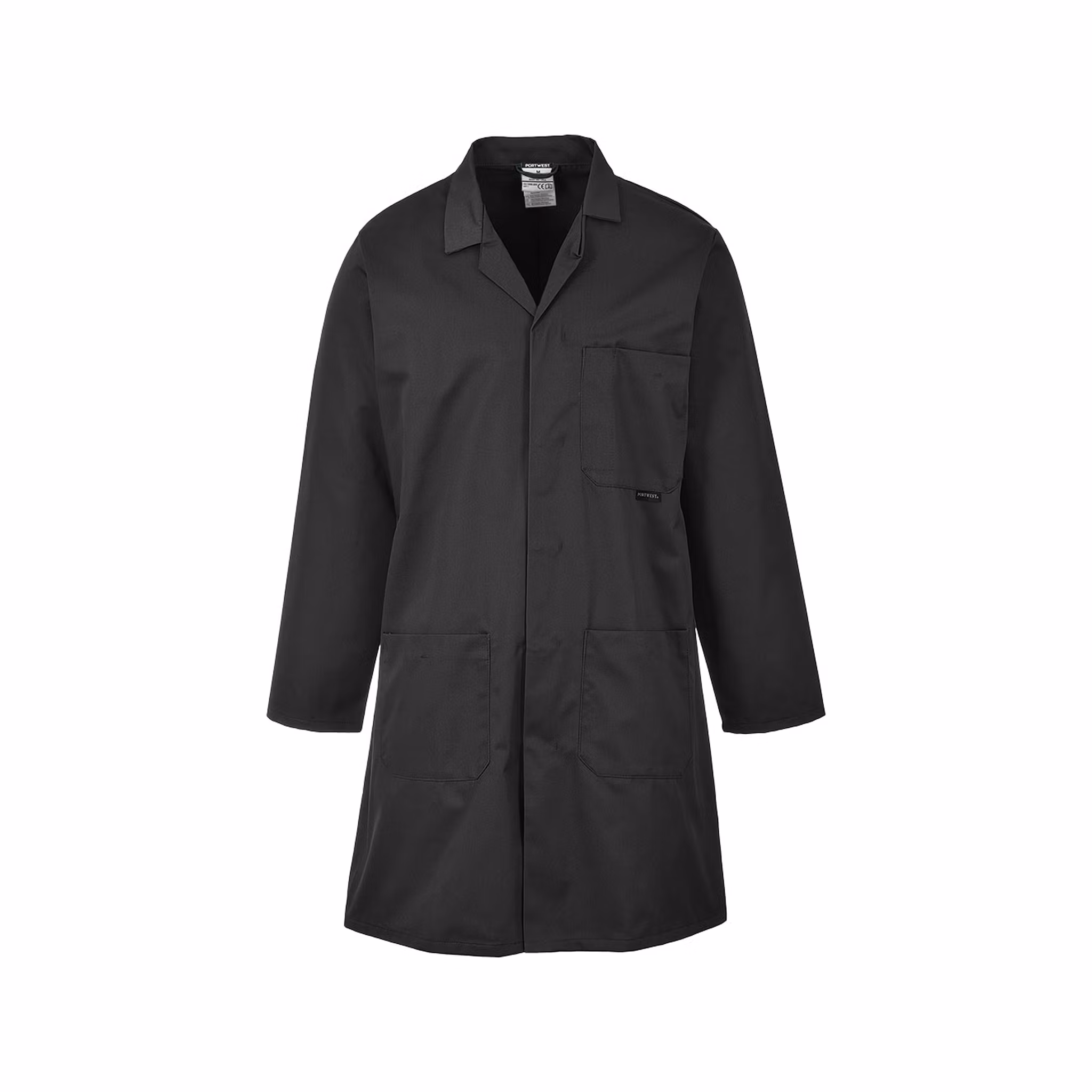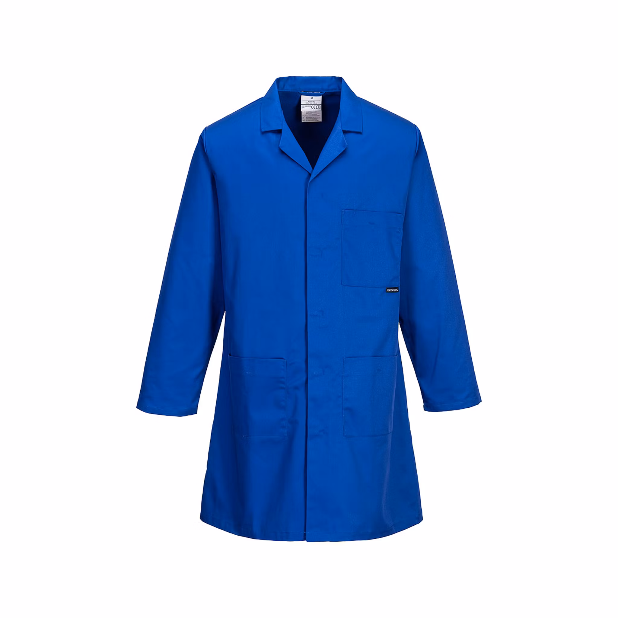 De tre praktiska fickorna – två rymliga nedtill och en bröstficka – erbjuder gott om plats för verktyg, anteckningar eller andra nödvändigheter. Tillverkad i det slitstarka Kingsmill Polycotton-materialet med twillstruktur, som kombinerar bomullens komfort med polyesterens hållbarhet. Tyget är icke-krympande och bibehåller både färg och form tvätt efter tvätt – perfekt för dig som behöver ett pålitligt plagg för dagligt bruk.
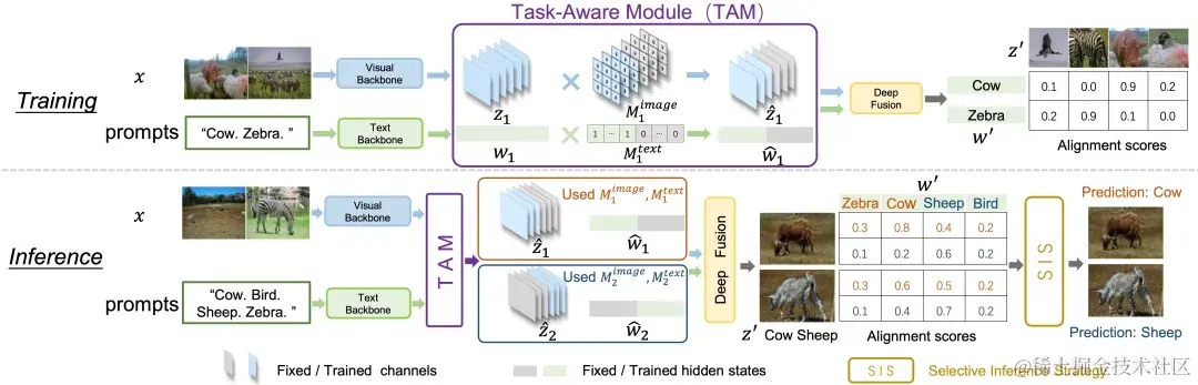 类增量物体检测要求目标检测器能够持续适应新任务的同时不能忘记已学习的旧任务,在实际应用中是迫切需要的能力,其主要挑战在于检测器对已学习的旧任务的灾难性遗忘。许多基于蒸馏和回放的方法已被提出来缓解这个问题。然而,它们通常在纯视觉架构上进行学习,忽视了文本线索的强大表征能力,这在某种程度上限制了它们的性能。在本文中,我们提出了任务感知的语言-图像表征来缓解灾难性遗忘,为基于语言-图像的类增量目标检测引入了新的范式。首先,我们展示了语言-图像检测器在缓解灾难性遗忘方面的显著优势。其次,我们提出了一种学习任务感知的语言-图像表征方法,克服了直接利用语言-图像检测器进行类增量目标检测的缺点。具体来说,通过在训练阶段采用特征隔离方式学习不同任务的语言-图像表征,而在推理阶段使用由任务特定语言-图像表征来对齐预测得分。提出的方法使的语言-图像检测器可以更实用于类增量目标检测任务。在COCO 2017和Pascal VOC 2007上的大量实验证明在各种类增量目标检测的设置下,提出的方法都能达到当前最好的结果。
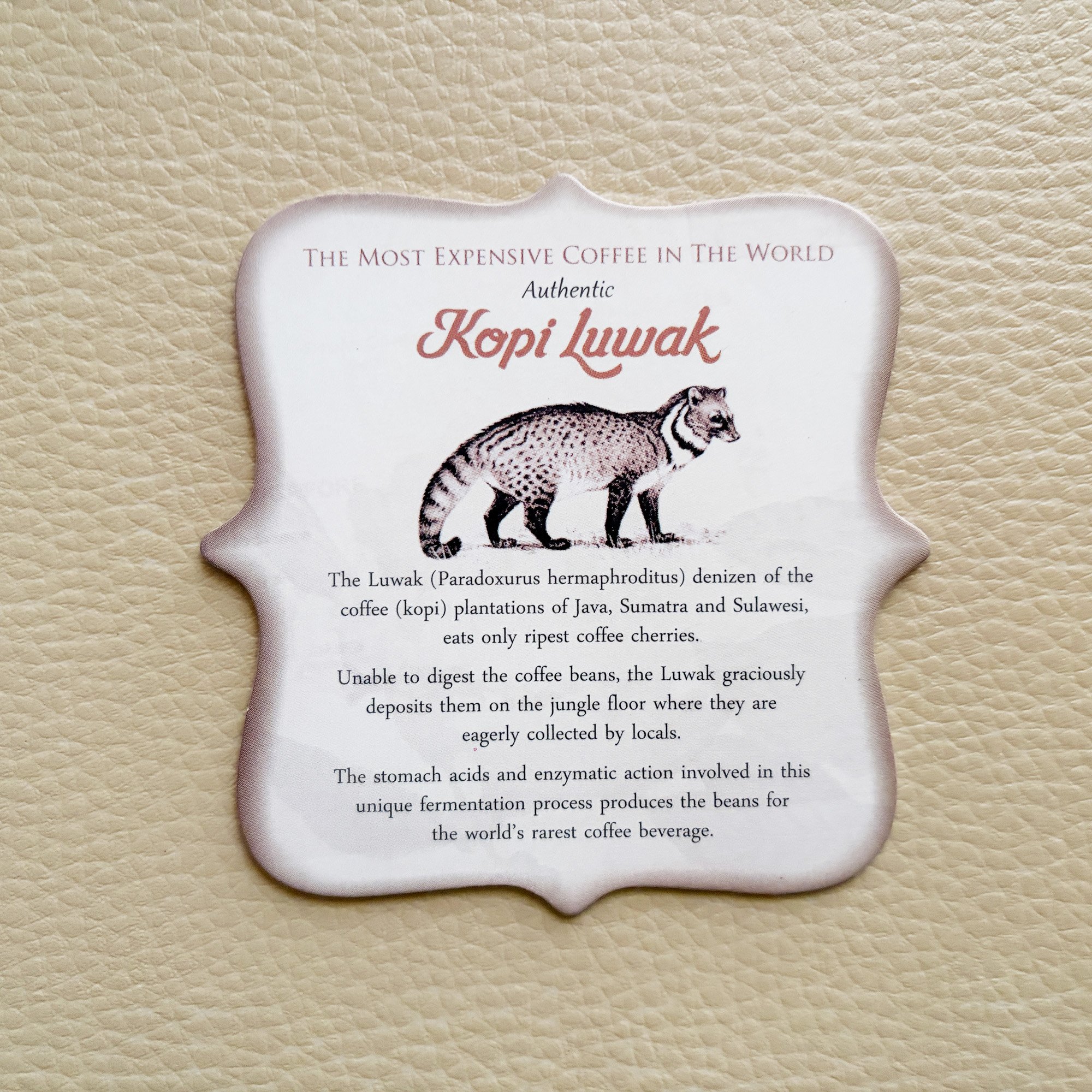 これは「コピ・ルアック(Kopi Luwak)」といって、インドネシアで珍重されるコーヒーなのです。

**What the exercise asks**
Only the lines from the one containing "2017和Pascal VOC 2007上的大量实验证明在各种类增量目标检测的设置下,提出的方法都能达到当前最好的结果。" through the last line of the material should be returned, exactly and without pictures.

**Response**
 类增量物体检测要求目标检测器能够持续适应新任务的同时不能忘记已学习的旧任务,在实际应用中是迫切需要的能力,其主要挑战在于检测器对已学习的旧任务的灾难性遗忘。许多基于蒸馏和回放的方法已被提出来缓解这个问题。然而,它们通常在纯视觉架构上进行学习,忽视了文本线索的强大表征能力,这在某种程度上限制了它们的性能。在本文中,我们提出了任务感知的语言-图像表征来缓解灾难性遗忘,为基于语言-图像的类增量目标检测引入了新的范式。首先,我们展示了语言-图像检测器在缓解灾难性遗忘方面的显著优势。其次,我们提出了一种学习任务感知的语言-图像表征方法,克服了直接利用语言-图像检测器进行类增量目标检测的缺点。具体来说,通过在训练阶段采用特征隔离方式学习不同任务的语言-图像表征,而在推理阶段使用由任务特定语言-图像表征来对齐预测得分。提出的方法使的语言-图像检测器可以更实用于类增量目标检测任务。在COCO 2017和Pascal VOC 2007上的大量实验证明在各种类增量目标检测的设置下,提出的方法都能达到当前最好的结果。
 これは「コピ・ルアック(Kopi Luwak)」といって、インドネシアで珍重されるコーヒーなのです。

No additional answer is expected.